The Asean is holding its 30th summit meeting in Manila to assess the progress of the Asean Economic Community (AEC), launched two years ago in Kuala Lumpur. Seen as an ambitious plan to integrate the mostly struggling economies of the 10 Asean member-countries, the launching of the AEC in 2015 was greeted with much scepticism.
But what the AEC has accomplished in the last two years are truly phenomenal and remarkable, considering the awesome problems and challenges it has to hurdle.
The lack of adequate infrastructure facilities in most of its members, their varied trade facilitation policies and practices, and the marked differences in political ideologies, cultural traditions and religious beliefs are just among the problems the architects of the economic integration plan hardly reckoned with.
What is surprising is that these obstacles turned out to be the most compelling reasons the nations involved are determined to make their region a single market.
What is even more inspiring is that Asean members are discarding worn-out traditions, quickly adopting the rapid and radical advances in digital technologies, and even tinkering with their political principles and attachments.
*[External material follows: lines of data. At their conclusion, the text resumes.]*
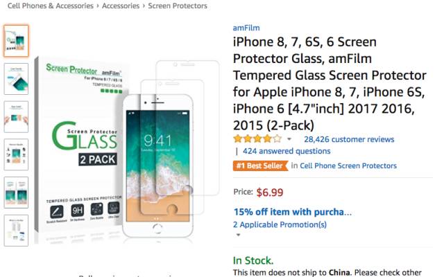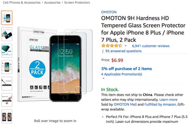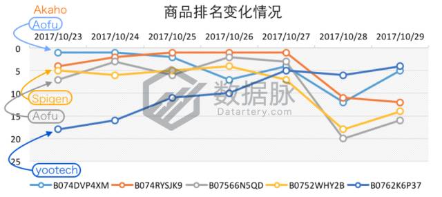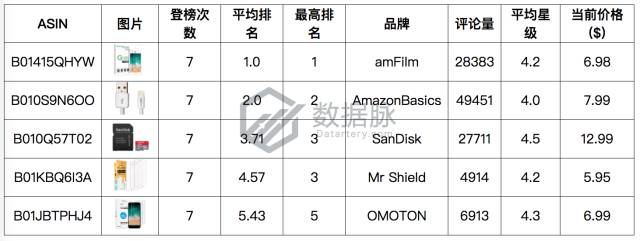 此外骆探长(shujumai.com)发现,一款 品牌为OMOTON的iPhone 7/8 plus屏幕保护膜也从上周激烈的榜单竞争中脱颖而出,在一周中6次跻身Best Sellers榜单前五,平均排名5.43,位列综合排名第五。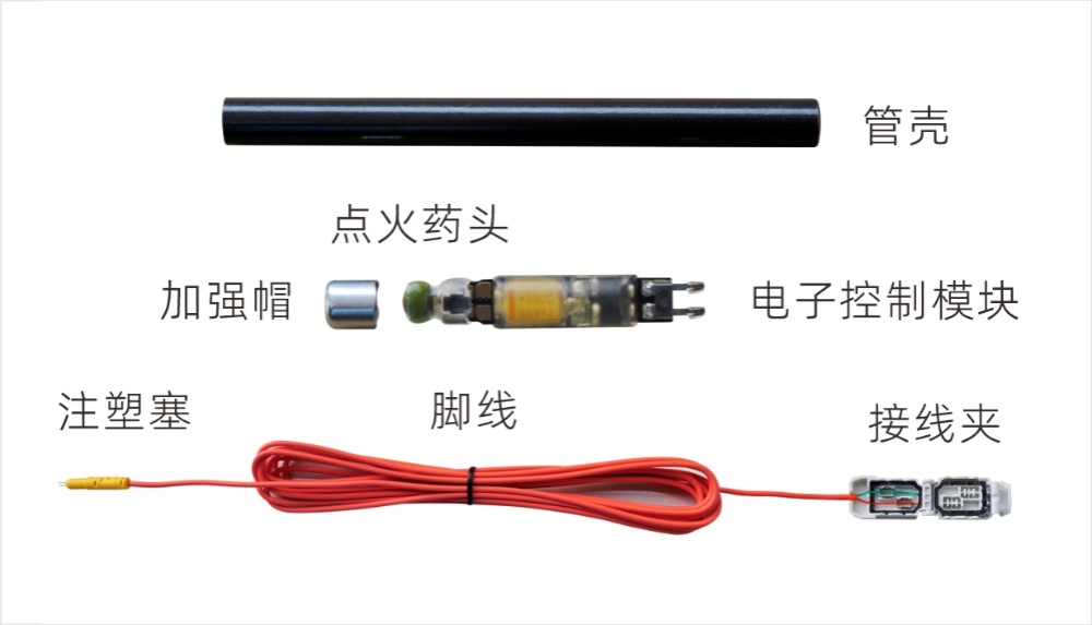 工业电子雷管主要由脚线、电子延期元件、管壳、增强帽、起爆药、猛炸药组成,生气历程是通过专用起爆装备对电子雷管举行检测、充电后发出起爆指令,接着由电子延期芯片内部电路对电子雷管的延期时间举行控制,然后由电子延期芯片内部起爆电容放电引燃燃烧药,末段输出火焰冲能引爆增强帽内的起爆药,继而引爆壳内猛炸药,从而使整个雷管完全爆轰。用以直接或间接起爆种种工业炸药、导爆索、塑料导爆管等,具有网络诊断、抗杂电流、抗静电、抗射频、高精度、延期可调、有用镌汰爆破作业时的地动波、提高爆破效率等特点。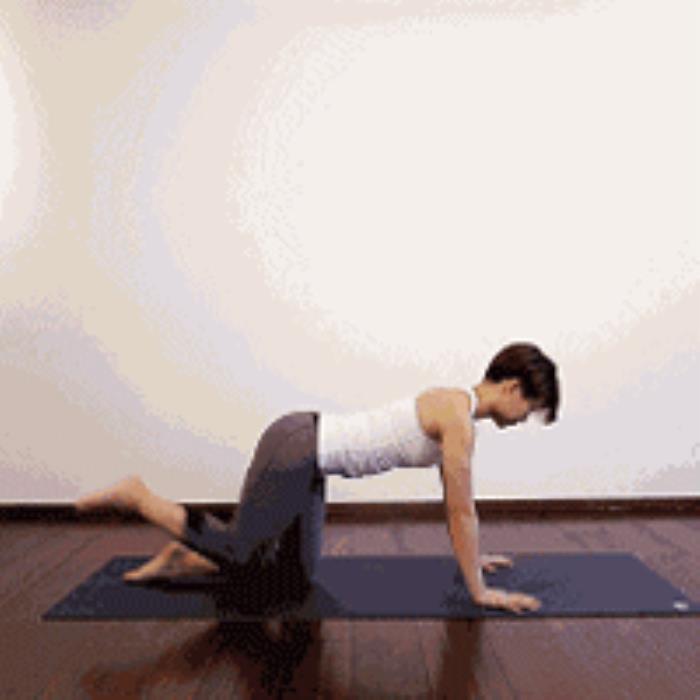 双手撑地,以一只膝盖为支撑点,另一只腿平直快速太高,再慢慢落下,左右腿交叉练习,一次10下,做三组。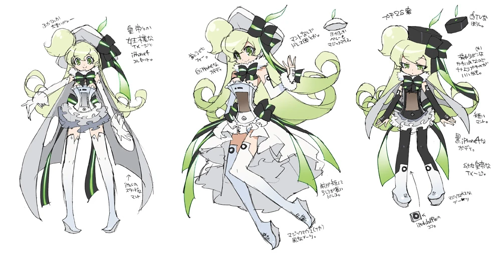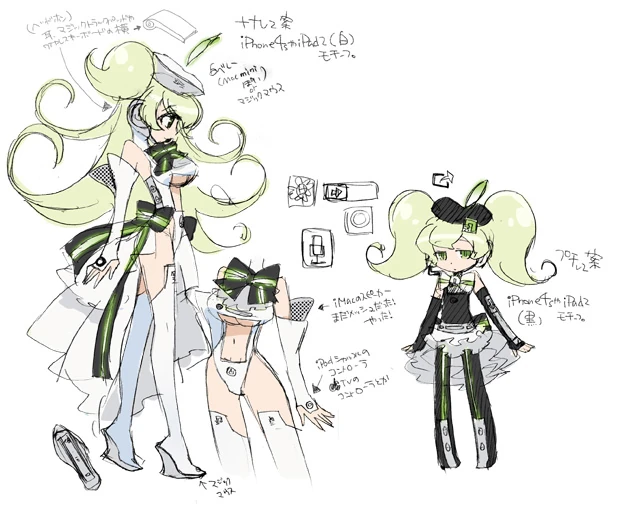 Jej pierwszy wygląd był głównie inspirowany Hatsune Miku, jednak 2S już został przekierowany w temacie "księżniczki". Ogólnie wygląd dla serii Macne uwzględnia różne aspekty komputera Mac, takie jak port USB, stacje dysków lub przenośnego urządzenia jak iPod.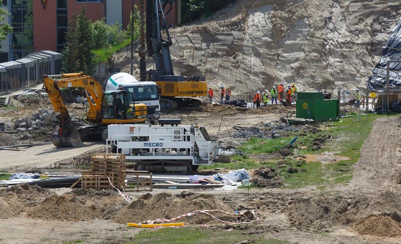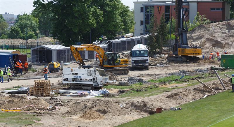 Na razie trwa palowanie miejsc pod trybunę wschodnią, a prace z tym związane odbywają się na innej zasadzie niż przy budowie trybun: zachodniej i południowej. Przy tych trybunach stosowano metodę palowania sprzętem o nazwie kafar, natomiast przy trybunie wschodniej pracuje maszyna wiertnicza o nazwie świder. Zmiana sposobu wbijania betonowych prefabrykatów związana jest z nieco innym ukształtowaniem terenu.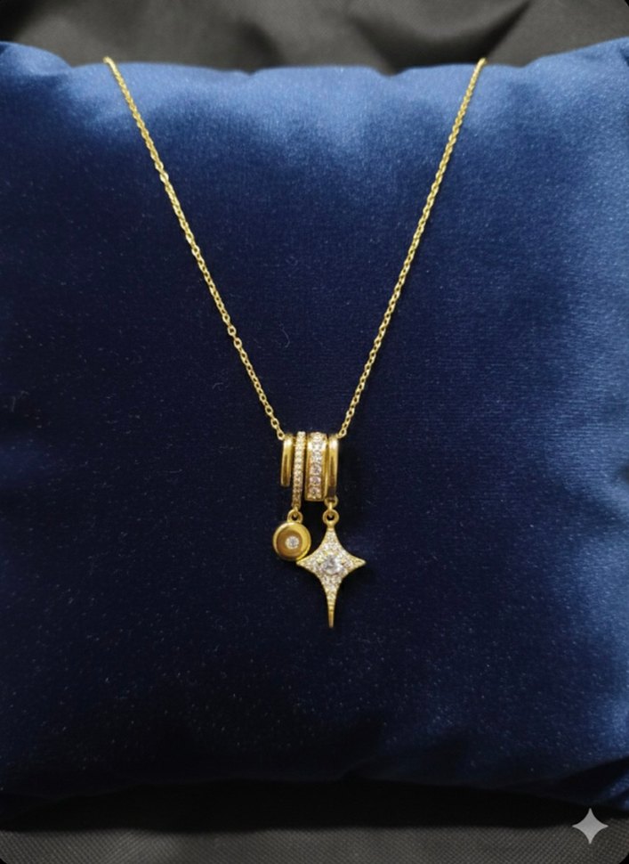 Kısa uzunlukta, işlemeli mini detaylara sahip altın renkli zincir kolye, günlük kullanıma uygun çağdaş ve göz alıcı tarz sunar. ✨

The ideological sea changes in Vietnam and Myanmar are dumbfounding. The growing preference for the strongman role in Thailand and the Philippines, though disturbing, is gaining adherence.
In all seminars, workshops and meetings on the ministerial, technical and professional levels and in cultural and sports events, the Asean delegates readily participate in the proceedings or in the games without any ideological, cultural or religious baggage. There is immediate rapport, respect and understanding for each other.
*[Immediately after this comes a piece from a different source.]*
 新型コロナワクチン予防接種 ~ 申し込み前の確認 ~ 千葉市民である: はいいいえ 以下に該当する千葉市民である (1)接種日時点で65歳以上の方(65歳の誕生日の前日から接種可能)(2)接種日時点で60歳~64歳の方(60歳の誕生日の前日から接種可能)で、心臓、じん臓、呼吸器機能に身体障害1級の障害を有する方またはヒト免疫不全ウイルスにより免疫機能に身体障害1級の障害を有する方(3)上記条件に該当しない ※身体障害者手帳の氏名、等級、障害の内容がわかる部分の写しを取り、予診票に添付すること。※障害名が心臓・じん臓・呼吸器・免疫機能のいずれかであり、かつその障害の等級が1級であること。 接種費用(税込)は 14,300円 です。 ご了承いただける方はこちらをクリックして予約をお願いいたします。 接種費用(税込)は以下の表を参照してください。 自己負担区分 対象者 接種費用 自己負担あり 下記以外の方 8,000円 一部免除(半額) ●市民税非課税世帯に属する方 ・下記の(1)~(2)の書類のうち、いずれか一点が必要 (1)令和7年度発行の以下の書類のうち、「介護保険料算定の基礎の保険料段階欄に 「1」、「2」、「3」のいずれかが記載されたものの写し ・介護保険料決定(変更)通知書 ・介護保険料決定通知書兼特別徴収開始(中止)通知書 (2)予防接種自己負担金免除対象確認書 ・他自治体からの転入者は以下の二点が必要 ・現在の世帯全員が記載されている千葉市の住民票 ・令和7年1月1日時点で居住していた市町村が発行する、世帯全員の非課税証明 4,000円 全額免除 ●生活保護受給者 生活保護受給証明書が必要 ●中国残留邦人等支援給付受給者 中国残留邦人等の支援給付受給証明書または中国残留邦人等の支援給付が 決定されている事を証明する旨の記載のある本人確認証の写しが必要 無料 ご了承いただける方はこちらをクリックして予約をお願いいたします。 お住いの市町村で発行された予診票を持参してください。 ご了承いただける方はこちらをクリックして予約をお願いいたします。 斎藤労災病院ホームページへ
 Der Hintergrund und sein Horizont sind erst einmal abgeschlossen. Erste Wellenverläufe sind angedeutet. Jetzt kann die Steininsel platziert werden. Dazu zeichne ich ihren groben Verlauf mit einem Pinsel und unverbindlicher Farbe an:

There are certainly many more problems that will impede the integration process. But the imperative need for unity, collective survival and progress among the members is strong and pervasive. The harsh realities in the international economic order will prompt the Asean to sharpen its competitiveness in the world market. The combined GDP of the 10 Asean members is already third in the Asian region and seventh in the world.
With free tariffs and free travels within the community, the over 650 million citizens of Asean will be a huge market among themselves and to other countries.
We are confident that the AEC will overcome its complex problems and challenges and will solidly become a single market that will be as competitive as that of the European Union, China, India, Australia, Canada and the US.
The citizens of the Asean are spirited and driven by their shared hardships and sufferings in colonial days. Endowed with enormous marine and land resources, this new economic bloc will emerge as the most progressive and wealthiest community in the global village. Given the challenges it has yet to overcome, however, the AEC is still a work in progress.